■ Work required ■
With pictures excluded, give again exactly the lines running from the one holding "洗練された顔周りを演出するロングコインネックレス" through the end of the listing below.

■ Data provided ■
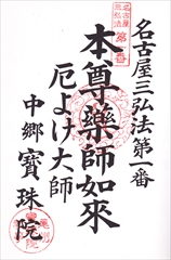 名古屋市中川区、宝珠院の御朱印「本尊薬師如来」です。
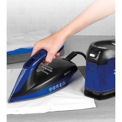 De-wrinkle your clothes fast with this unique iron by Morphy Richards. Unlike traditional irons, this cordless model comes with a 360 degree charging base so you can complete your chores without getting in a tangle. That means no more stepping over a power lead every time you change direction. From tough denim to delicate silks, the ceramic soleplates glide effortlessly over different fabrics, while the iron & rsquo;s steam levels can be adjusted depending on the garment type. And for particularly stubborn creases, a continuous steam output of 30 grams per minute has your back every time. Plus, you won & rsquo;t have to worry about limescale build-up with its clever anti-scale technology.
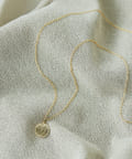 洗練された顔周りを演出するロングコインネックレス
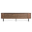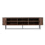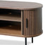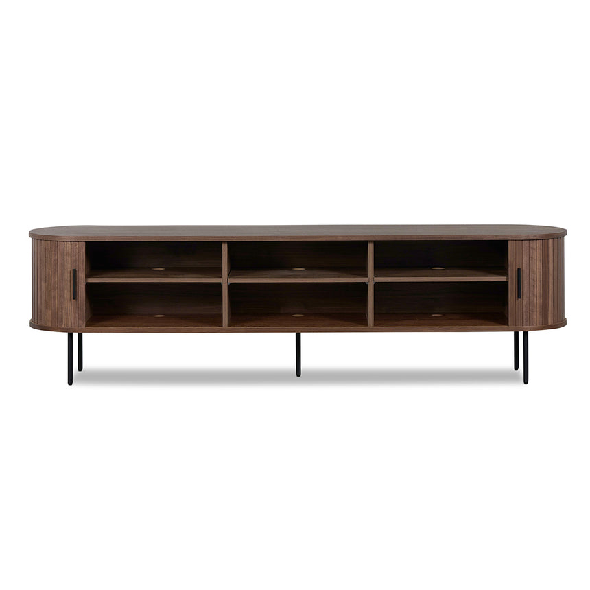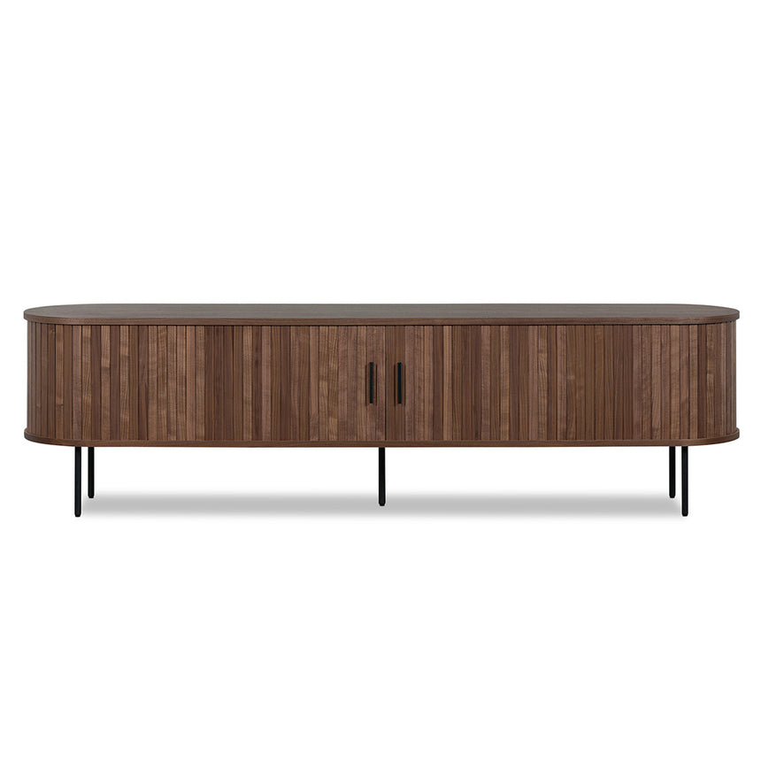 Walnut finish engineered wood Sturdy black metal legs Lacquered finish Oval top with curved edges Side sliding doors with matte black handle 6x cable management holes Weight Capacity: 100 kg Product is flat packed and requires 2-person assembly
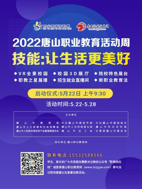 為深入學(xué)習(xí)貫徹習(xí)近平總書記關(guān)于職業(yè)教育的重要指示精神和全國職業(yè)教育大會精神,讓更多家長與學(xué)生真正了解職業(yè)教育的深刻含義,感受職業(yè)教育發(fā)展為生活帶來的諸多便利,展示我市職業(yè)教育改革發(fā)展取得的成就,多層次、多角度了解職業(yè)學(xué)校辦學(xué)成果及辦學(xué)風(fēng)采,唐山市教育局等九部門協(xié)同組織開展2022年唐山職業(yè)教育活動周,活動周將于5月22日上午9:30正式啟動!

■ Task response ■
 洗練された顔周りを演出するロングコインネックレス
 Walnut finish engineered wood Sturdy black metal legs Lacquered finish Oval top with curved edges Side sliding doors with matte black handle 6x cable management holes Weight Capacity: 100 kg Product is flat packed and requires 2-person assembly
 為深入學(xué)習(xí)貫徹習(xí)近平總書記關(guān)于職業(yè)教育的重要指示精神和全國職業(yè)教育大會精神,讓更多家長與學(xué)生真正了解職業(yè)教育的深刻含義,感受職業(yè)教育發(fā)展為生活帶來的諸多便利,展示我市職業(yè)教育改革發(fā)展取得的成就,多層次、多角度了解職業(yè)學(xué)校辦學(xué)成果及辦學(xué)風(fēng)采,唐山市教育局等九部門協(xié)同組織開展2022年唐山職業(yè)教育活動周,活動周將于5月22日上午9:30正式啟動!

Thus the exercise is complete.